On Nicholds’ return, he, Day, stated to him that he had an offer, for the right in the state of Ohio. Nicholds sent him, as his agent, to make the sale, but the purchaser, not content with the terms, on seeing Nicholds, he preferred the state of Virginia, and Nicholds sold him the right for this state, in payment for which, promissory notes to the amount of $ 900 were given, payable one year after date. The deed was executed in the name of “A. M. Nicholds, agent.” At this time Day expected, as he says, some interest in the result of the sale, and afterwards sold the expectant interest for fifteen dollars, but three dollars of which he has received.

About this time Jackson comes back; he is taken ill, and remains so for many days. Nicholds attends him as a nurse; and Jackson, when convalescent, hearing of the results of the sale of the right to Virginia, takes a suitable opportunity, while his nurse sleeps, to abstract notes for $500 (being part of the $900), from the pocketbook of Nicholds, and, admitting the taking, still retains ihem, on the ground, that a partnership existed between them. The notes were the result of a sale, a partnership, &c., and the taking was not stealing.

[67]*67This is a brief suminary of the facts in the case, and the grounds of the defence.

In order to arrive at a proper conclusion in this case, it must be inquired:

1. Was, or was there not, a partnership?

2. If yes — was it dissolved?

3. Was the sale of the right for the state of Virginia, made by Nicholds, after the dissolution, on his own account?

4. Was the taking of the $ 500, part of the purchase money of said sale, a larceny ?

Under the power of attorney, the rights of Nicholds and Jackson were joint and several. They, or either of them, were constituted agents, and all their acts show it was so understood by them. No partnership account was kept; no partnership name was used, but each sold in his own name. No division of profits was made, nor any pro rata share of losses, paid by either.

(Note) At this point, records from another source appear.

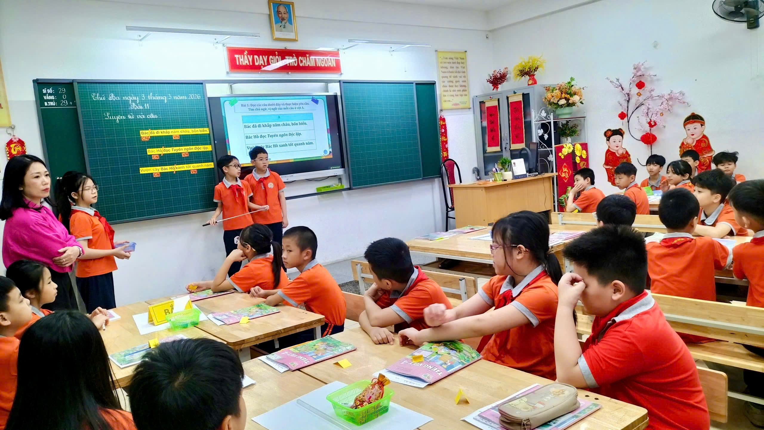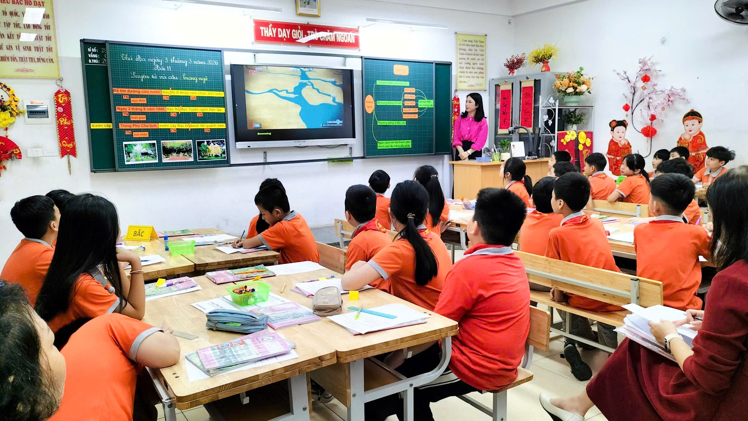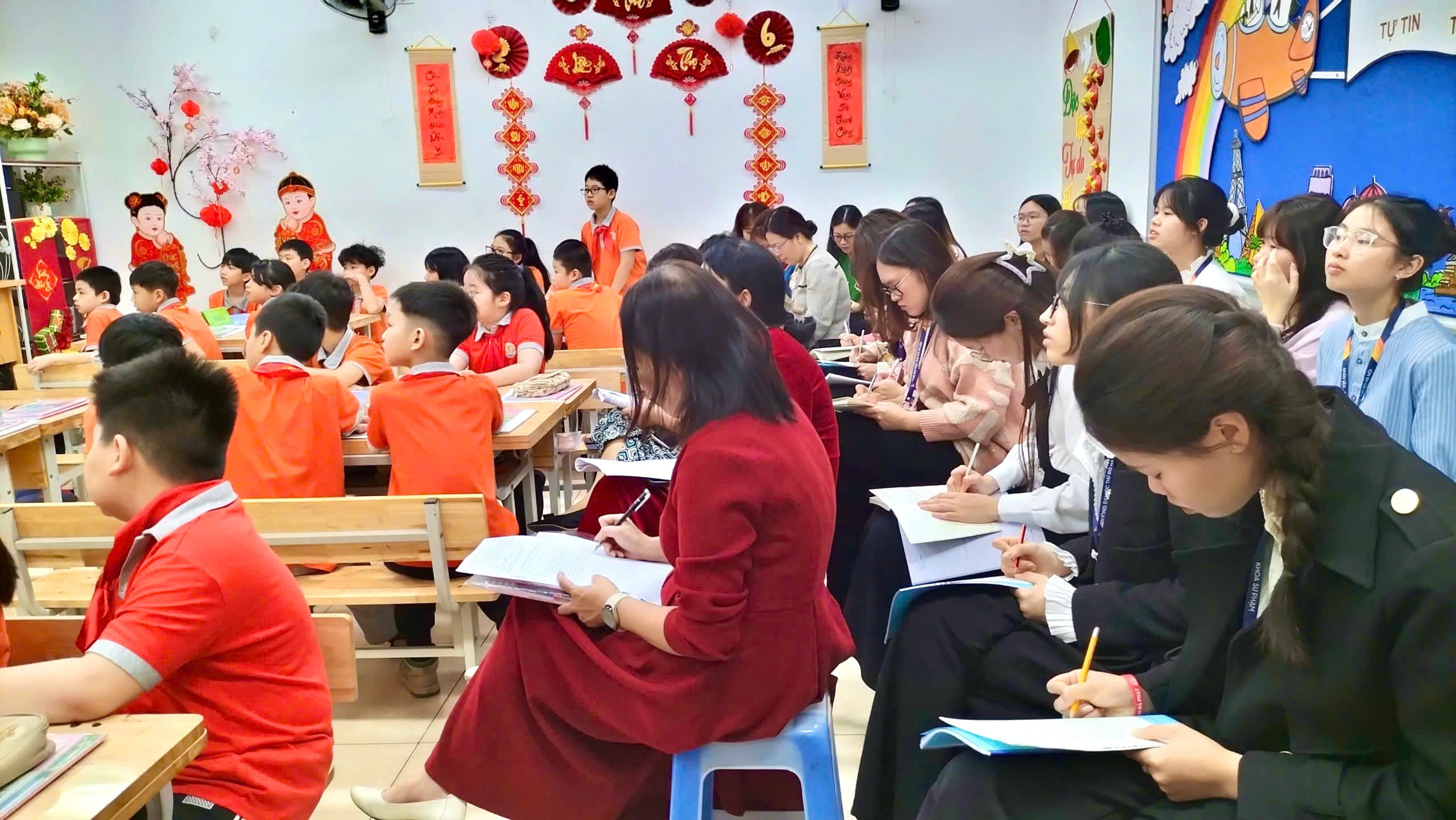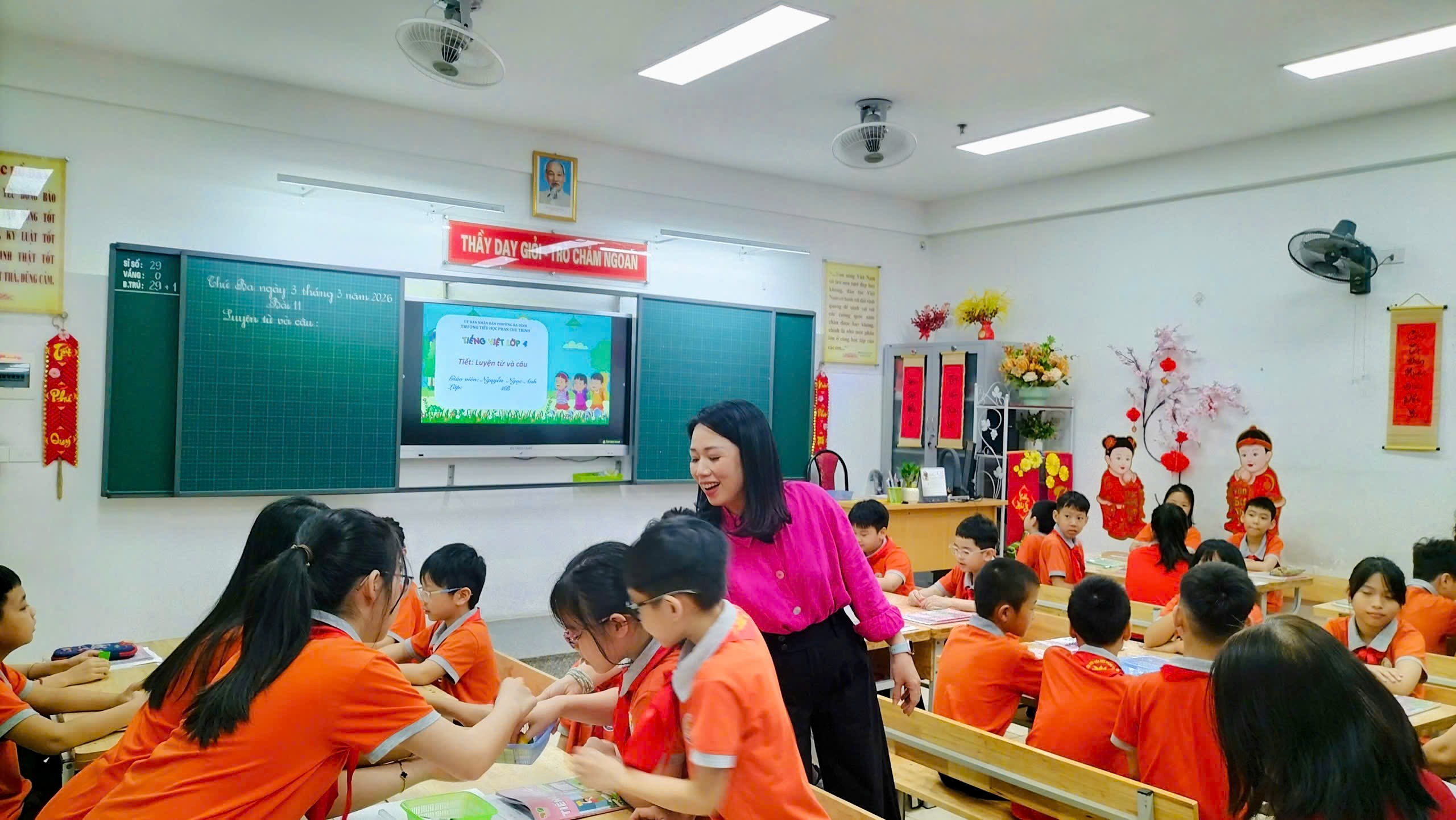 Xuyên suốt tiết học là hình ảnh những cánh tay giơ cao, những ý kiến trao đổi sôi nổi và sự tập trung tích cực của học sinh lớp 4B. Các em chủ động suy nghĩ, mạnh dạn chia sẻ, hợp tác hiệu quả trong nhóm và tự tin thể hiện quan điểm cá nhân. Kiến thức về trạng ngữ không còn là nội dung ngữ pháp trừu tượng mà trở thành công cụ để các em diễn đạt ý tưởng rõ ràng, sinh động hơn. Tiết chuyên đề của cô giáo Nguyễn Ngọc Anh đã thể hiện rõ sự chuẩn bị công phu, tư duy tổ chức linh hoạt và tinh thần đổi mới trong giảng dạy. Đây không chỉ là một giờ học thành công mà còn là minh chứng cho sự chuyển biến tích cực trong sinh hoạt chuyên môn của trường Tiểu học Phan Chu Trinh, góp phần nâng cao chất lượng dạy học môn Tiếng Việt trong nhà trường.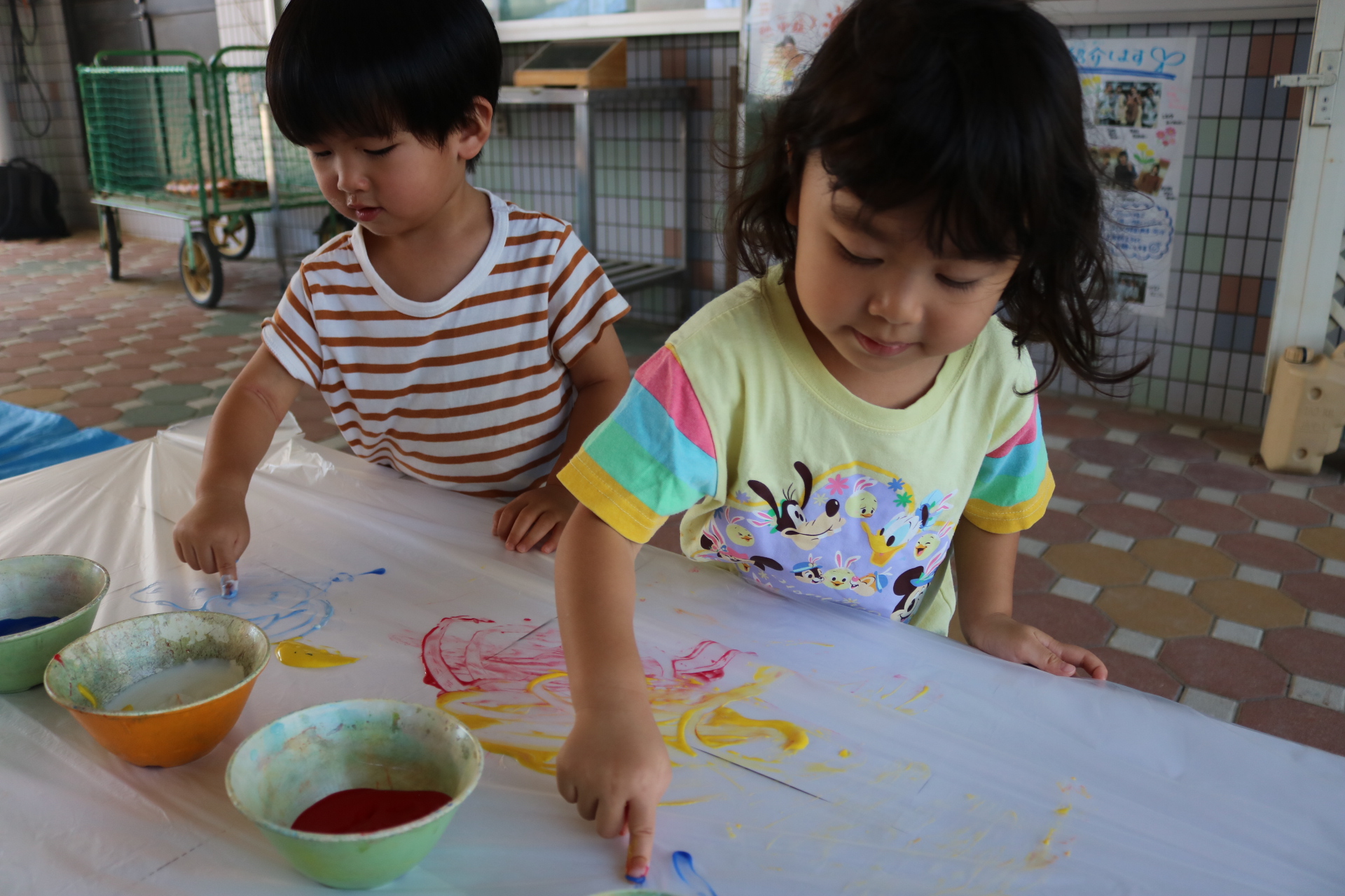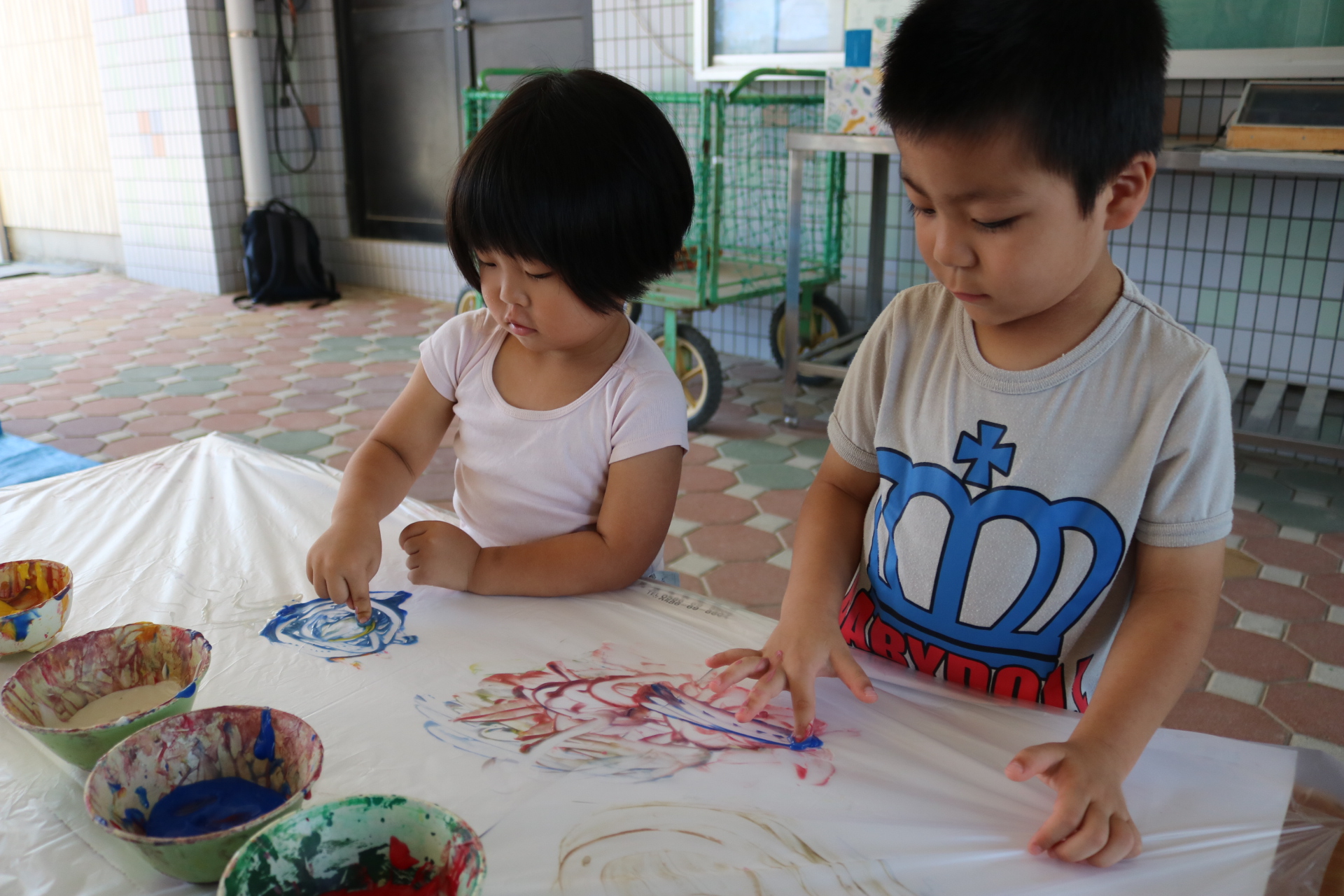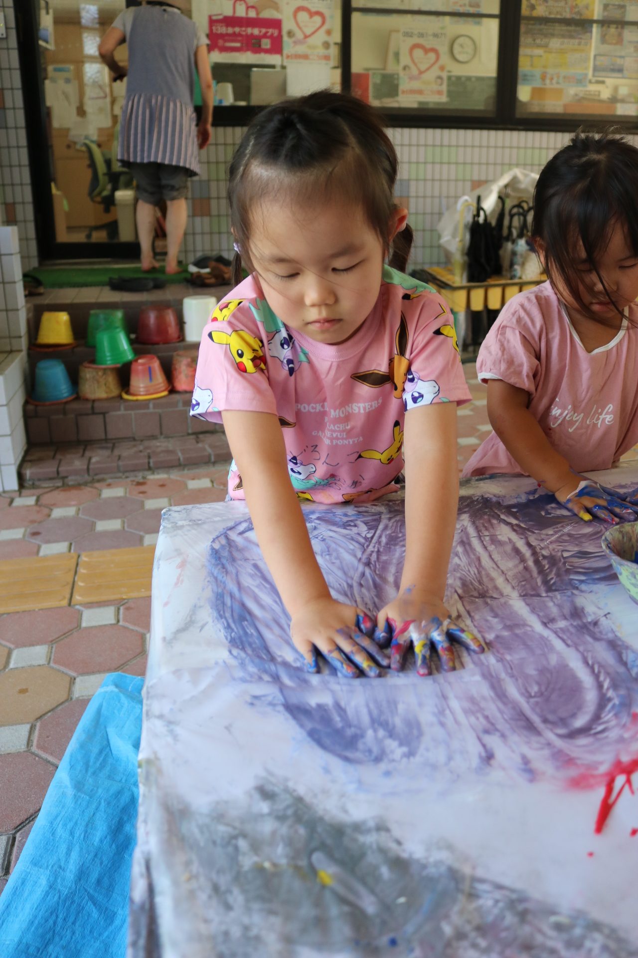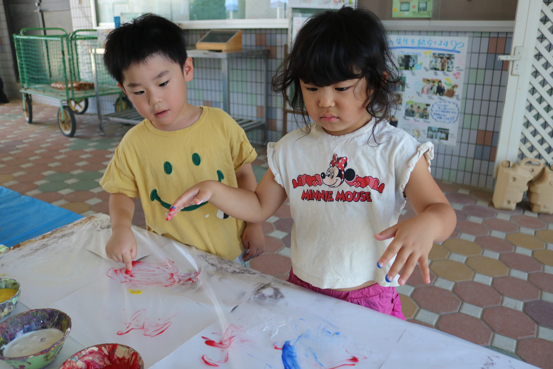 7月29日(火)フィンガーペイントをしたよ😊~年少ぐみ~
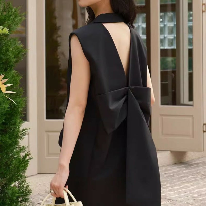 予約 2color バック オープン テーラード ワンピース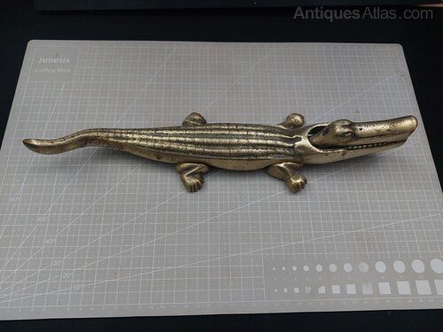 Vintage Large Heavy Brass Crocodile Nutcracker
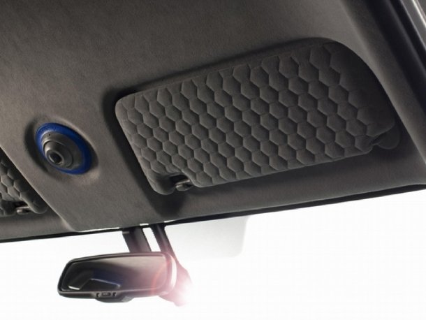 Im Innenraum durften sich die Colette-Designer ein wenig austoben. Dunkelbraunes Leder im Farbton „Zartbitter Schokolade“ wurde mit blauen Ziernähten und einigen Details in Alcantara so verarbeitet, dass ein durchaus stimmiges Bild entstanden ist. Bei der Farbe orientierte man sich am Colette-Maskottchen, einem dunkelbraunen Hund namens Oscar. Auf den Sitzflächen, den Türtafeln und den Sonnenblenden finden sich rautenförmige Steppungen, die auf den beigelegten, Colette-blauen Kissen wieder aufgenommen wird. Die inneren Türgriffe und die Dekorleisten sind aus Aluminium gefertigt und mit Gravuren versehen. Beim Start des serienmäßigen Navigationssystems erscheint im Display das „Cygnet & Colette“-Logo.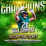 Will Shipley Inscription Ticket: $15-Entitles you to receive one inscription up to three words on your newly signed Will Shipley item. Inscription examples are, "SB Champ!", "Fly Eagles Fly", etc. Please note that inscription tickets must be purchased in conjunction with an autograph ticket. Inscriptions cannot be added on previously signed items.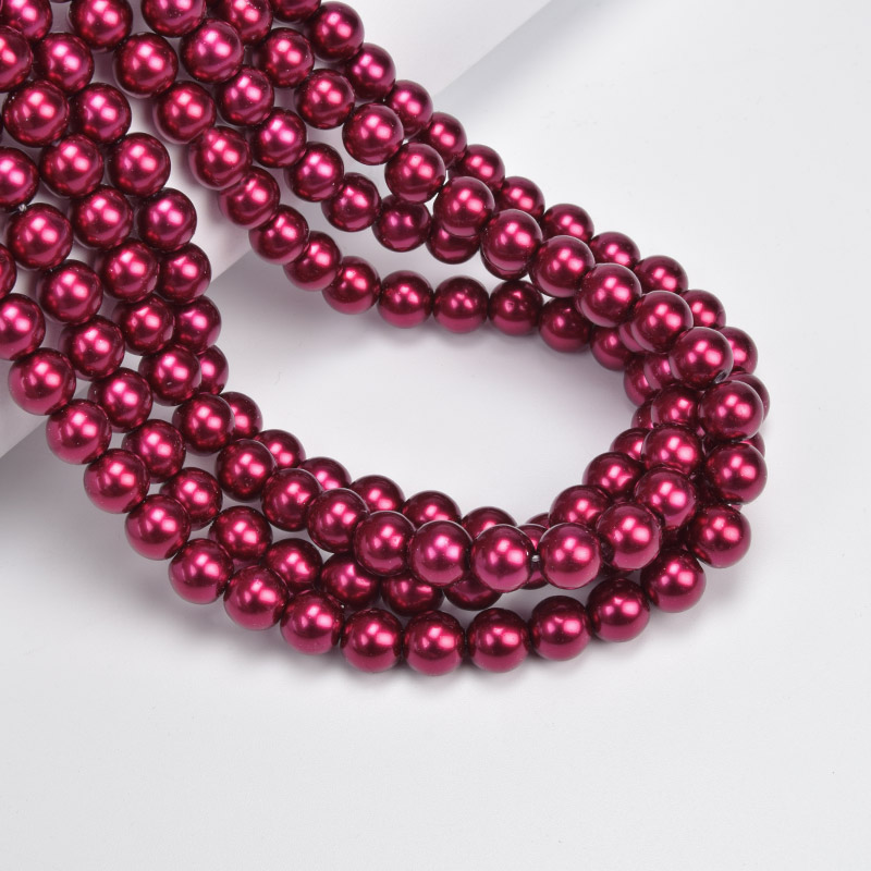 Намистини скляні Перли Premium, 8 мм, Бордові, Круглі (BUS-060506) / 1 низка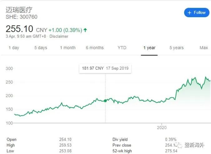受益于呼吸机需求的激增,深圳迈瑞生物医疗电子股份有限公司的股价今年累计上涨了40%,目前市值约440亿美元。

The union between M’Farland and Jackson; the sales by them (M’Farland having made a sale during the absence of Nicholds, and after he, M’Farland, was taken into the company, as it was called, on his own account, and not dividing any part of it); the equal division, by Jackson and M’Farland, of the amount of the sale made by them, shows that no partnership, as to third persons, was ever contemplated between the parties, Jackson and Nicholds, till the defence in this case was to be prepared. If a partnership was ever contemplated under the power of attorney, as a joint power only, then any act of the agents under the subsequent partnership, by a single partner, is void; and this is the strongest evidence of the non-existence of the partnership as such. [68]*68Both parties considered, and their counsel contend, for the letter, as giving a joint authority.

But suppose the parties acted under the belief a partnership existed? Did not the acts of Jackson, in taking in both M’Farland and Day as co-partners, during the absence, and without the consent of Nieholds, dissolve the pre-existing partnership? Should this not be sufficient to substantiate the dissolution? Then did not the notice given by Nieholds to both Day and M’Farland, and Watson, of a withdrawal, on his part, dissolve the partnership? 3 Kent 28, tit. Partners; Chitty on Contracts 208; 3 Yes. 74.

The doctrine of factors and joint tenancy — Livermore on Agency 213, and Cheap et al. Assignees of Branden &c., 4 Barnewell & Alderson 663 — does not apply, as I hold the letter of attorney was several, as well as joint, and that the liability of the agents was several, and not joint, to their principal. No partnership being contemplated by the letter of attorney, each agent thus constituted, has an individual responsibility.